YOUR OBJECTIVE: Everything from the first line of the data through the line with "Case-bearing clothes moth" is to be echoed exactly, minus the pictures.

□ □ □ □ □

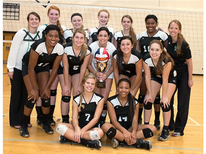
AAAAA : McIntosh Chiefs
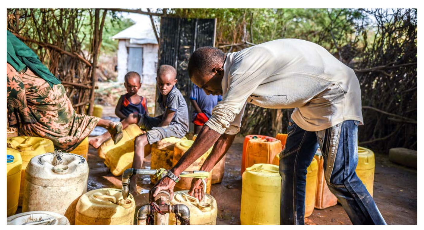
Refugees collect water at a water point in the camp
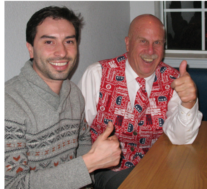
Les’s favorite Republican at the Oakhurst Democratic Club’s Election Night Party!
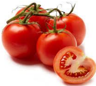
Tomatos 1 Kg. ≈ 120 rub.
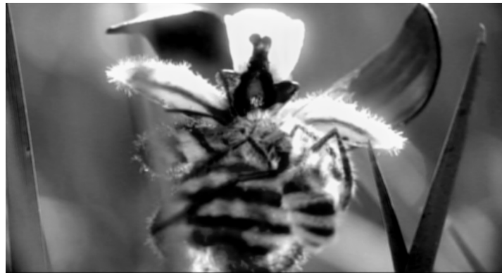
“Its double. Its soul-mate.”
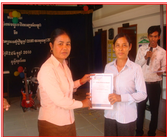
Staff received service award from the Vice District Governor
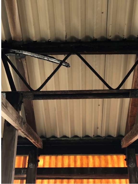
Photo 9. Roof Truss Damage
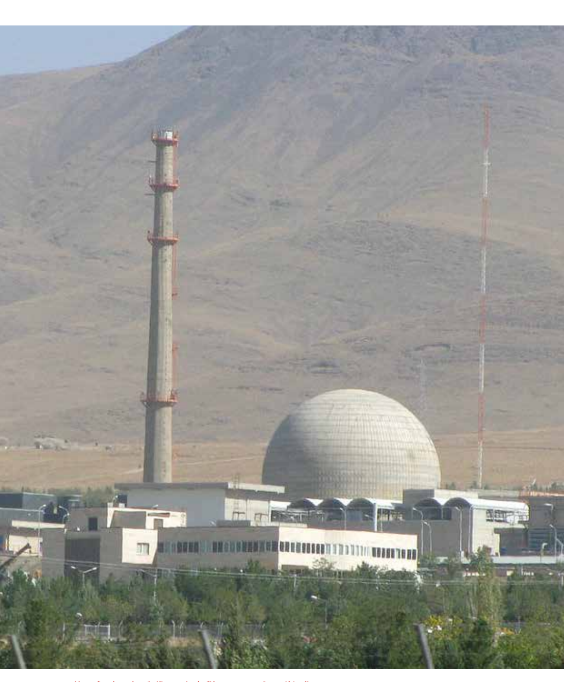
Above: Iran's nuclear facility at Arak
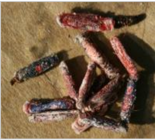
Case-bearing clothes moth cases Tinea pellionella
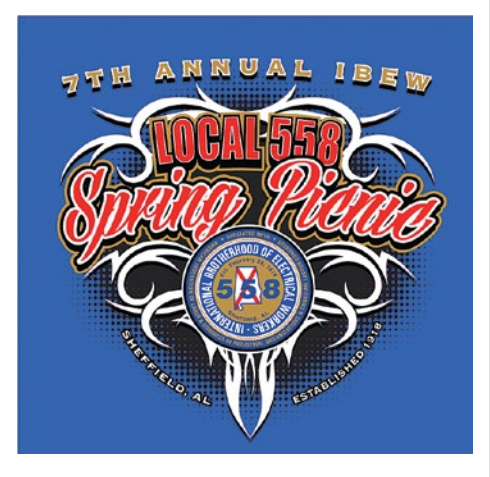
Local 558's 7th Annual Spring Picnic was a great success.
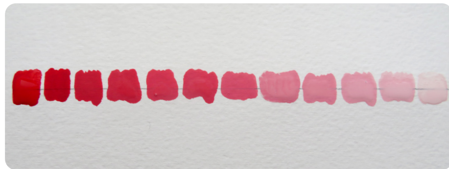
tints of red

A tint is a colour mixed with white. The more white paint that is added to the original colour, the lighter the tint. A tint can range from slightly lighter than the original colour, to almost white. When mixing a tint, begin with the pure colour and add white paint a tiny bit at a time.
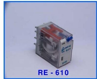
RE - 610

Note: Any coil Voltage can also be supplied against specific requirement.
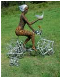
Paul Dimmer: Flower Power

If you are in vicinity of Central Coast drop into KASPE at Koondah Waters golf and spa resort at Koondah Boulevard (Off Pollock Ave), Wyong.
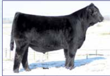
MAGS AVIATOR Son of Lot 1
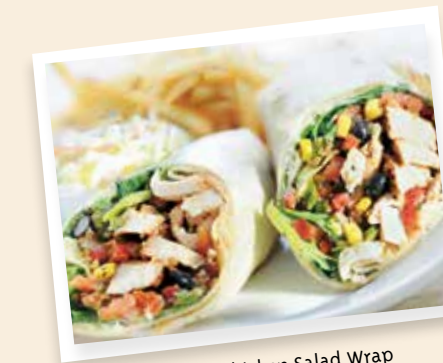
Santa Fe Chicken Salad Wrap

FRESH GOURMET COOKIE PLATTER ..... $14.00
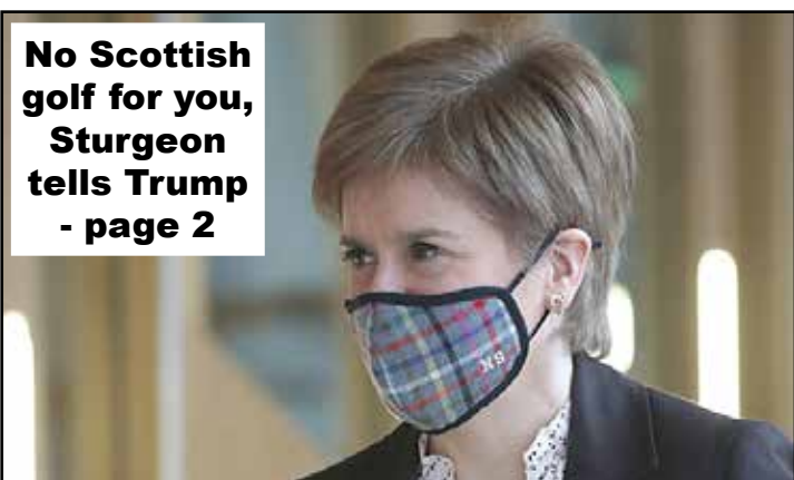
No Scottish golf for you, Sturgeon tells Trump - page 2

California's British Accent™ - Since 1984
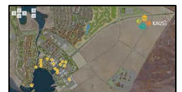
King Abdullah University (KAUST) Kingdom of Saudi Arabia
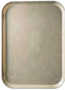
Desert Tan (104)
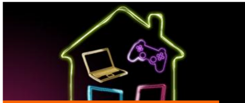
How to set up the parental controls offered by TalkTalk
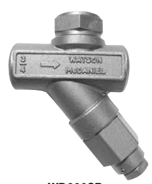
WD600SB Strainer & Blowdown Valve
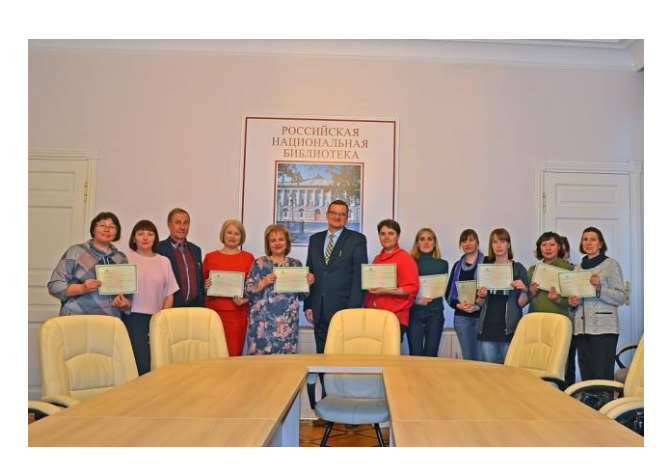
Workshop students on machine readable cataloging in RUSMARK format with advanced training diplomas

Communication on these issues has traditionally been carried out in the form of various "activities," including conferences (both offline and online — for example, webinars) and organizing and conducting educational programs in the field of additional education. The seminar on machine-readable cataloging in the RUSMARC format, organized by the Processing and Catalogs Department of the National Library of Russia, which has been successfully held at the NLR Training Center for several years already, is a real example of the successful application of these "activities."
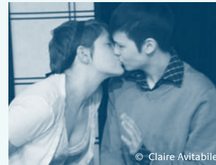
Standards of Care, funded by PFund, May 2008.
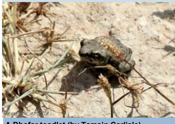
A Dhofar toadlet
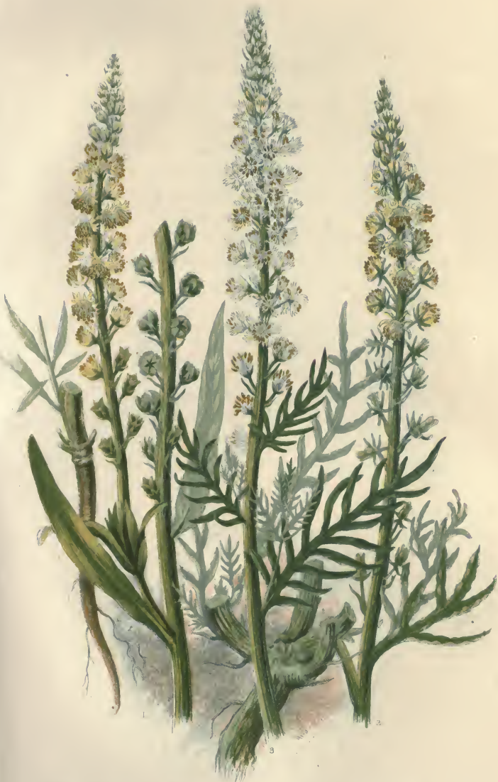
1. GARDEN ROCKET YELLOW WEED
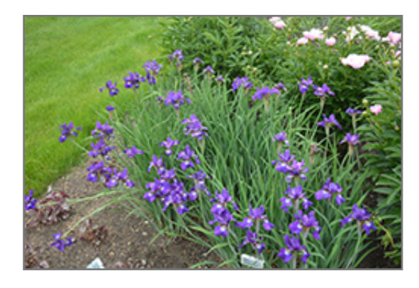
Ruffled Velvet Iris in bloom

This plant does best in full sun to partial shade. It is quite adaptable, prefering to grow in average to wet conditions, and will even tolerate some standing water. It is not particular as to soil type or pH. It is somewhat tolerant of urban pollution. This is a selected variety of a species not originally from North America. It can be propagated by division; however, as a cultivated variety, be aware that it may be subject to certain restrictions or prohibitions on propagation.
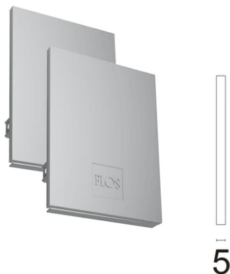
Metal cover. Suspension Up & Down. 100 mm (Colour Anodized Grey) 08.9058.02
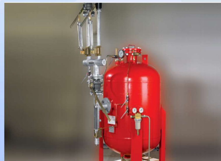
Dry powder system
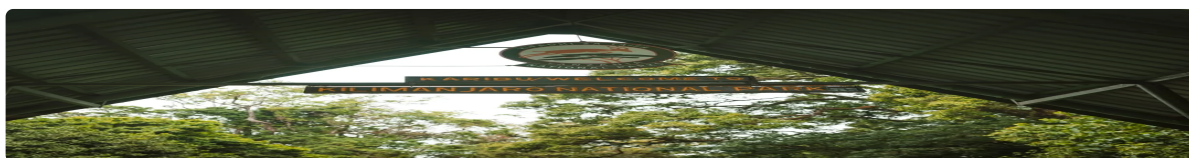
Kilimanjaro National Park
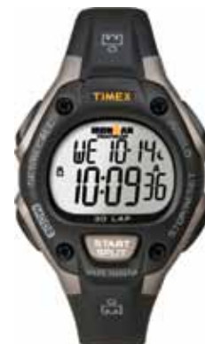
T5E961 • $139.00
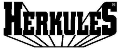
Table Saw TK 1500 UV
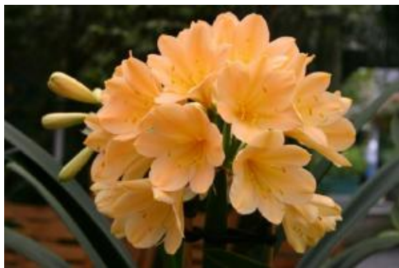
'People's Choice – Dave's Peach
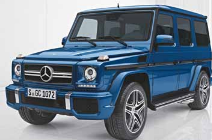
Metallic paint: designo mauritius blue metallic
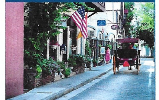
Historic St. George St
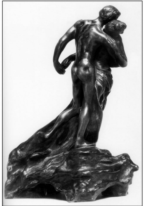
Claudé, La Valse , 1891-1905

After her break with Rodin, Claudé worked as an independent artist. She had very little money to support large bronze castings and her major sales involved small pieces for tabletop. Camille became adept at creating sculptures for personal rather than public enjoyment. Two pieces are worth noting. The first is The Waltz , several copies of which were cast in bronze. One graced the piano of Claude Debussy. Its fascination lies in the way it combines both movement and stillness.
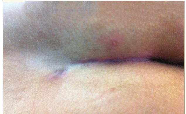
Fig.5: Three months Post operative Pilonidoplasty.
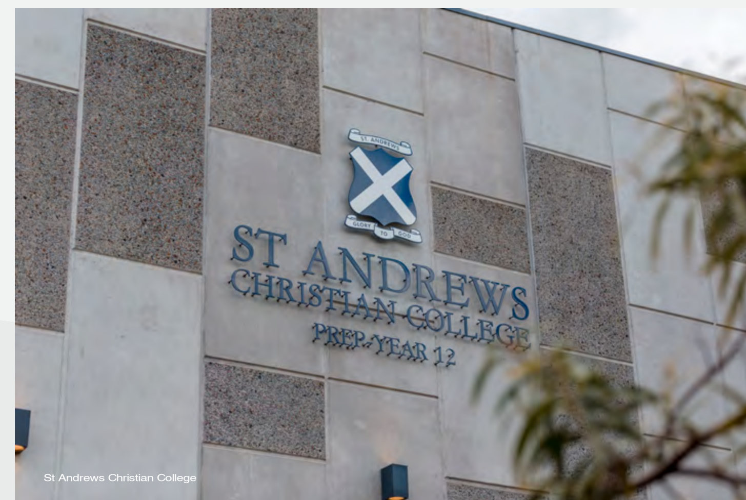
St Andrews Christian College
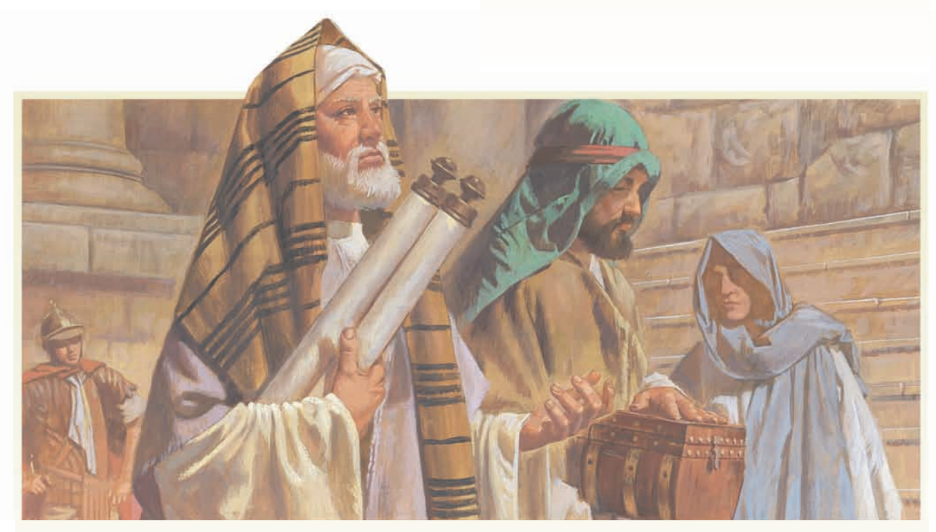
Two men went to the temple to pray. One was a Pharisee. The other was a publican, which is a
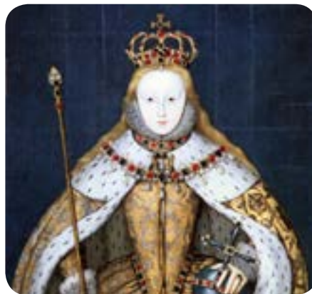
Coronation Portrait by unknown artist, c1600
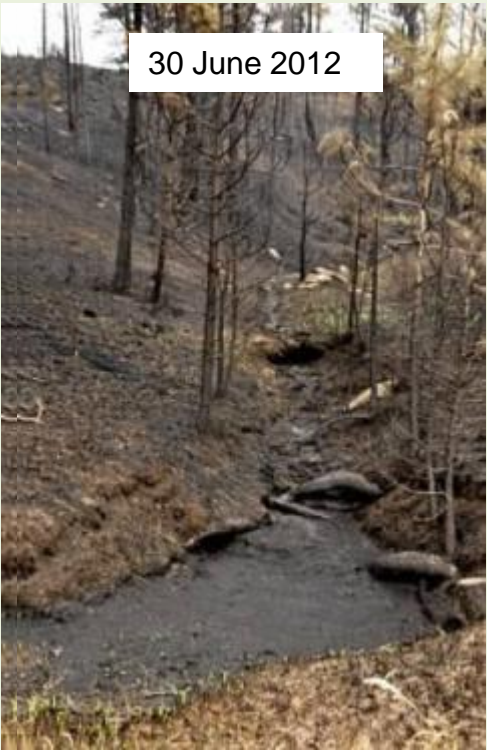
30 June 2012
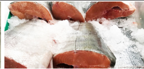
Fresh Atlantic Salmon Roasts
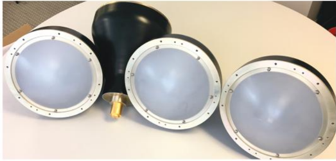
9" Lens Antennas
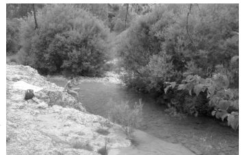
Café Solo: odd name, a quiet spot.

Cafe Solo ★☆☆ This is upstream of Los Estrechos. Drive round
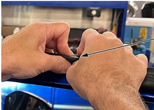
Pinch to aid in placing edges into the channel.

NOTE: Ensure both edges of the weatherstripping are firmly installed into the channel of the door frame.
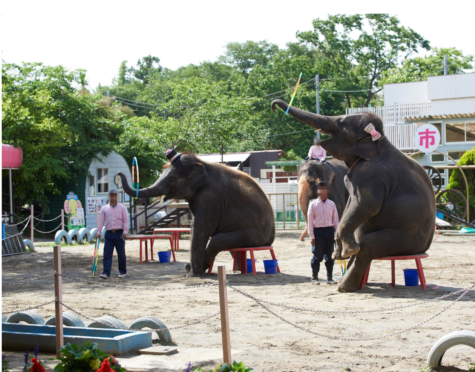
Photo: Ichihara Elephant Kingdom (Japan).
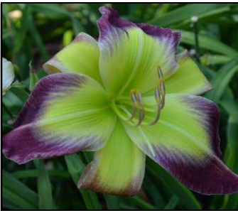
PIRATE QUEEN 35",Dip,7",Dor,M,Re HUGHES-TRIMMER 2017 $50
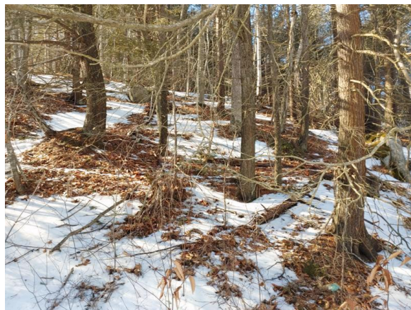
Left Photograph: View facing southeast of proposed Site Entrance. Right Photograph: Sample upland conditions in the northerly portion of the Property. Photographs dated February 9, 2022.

□ □ □ □ □

SOLUTION TO THE PROBLEM:
AAAAA : McIntosh Chiefs
Refugees collect water at a water point in the camp
Les’s favorite Republican at the Oakhurst Democratic Club’s Election Night Party!
Tomatos 1 Kg. ≈ 120 rub.
“Its double. Its soul-mate.”
Staff received service award from the Vice District Governor
Photo 9. Roof Truss Damage
Above: Iran's nuclear facility at Arak
Case-bearing clothes moth cases Tinea pellionella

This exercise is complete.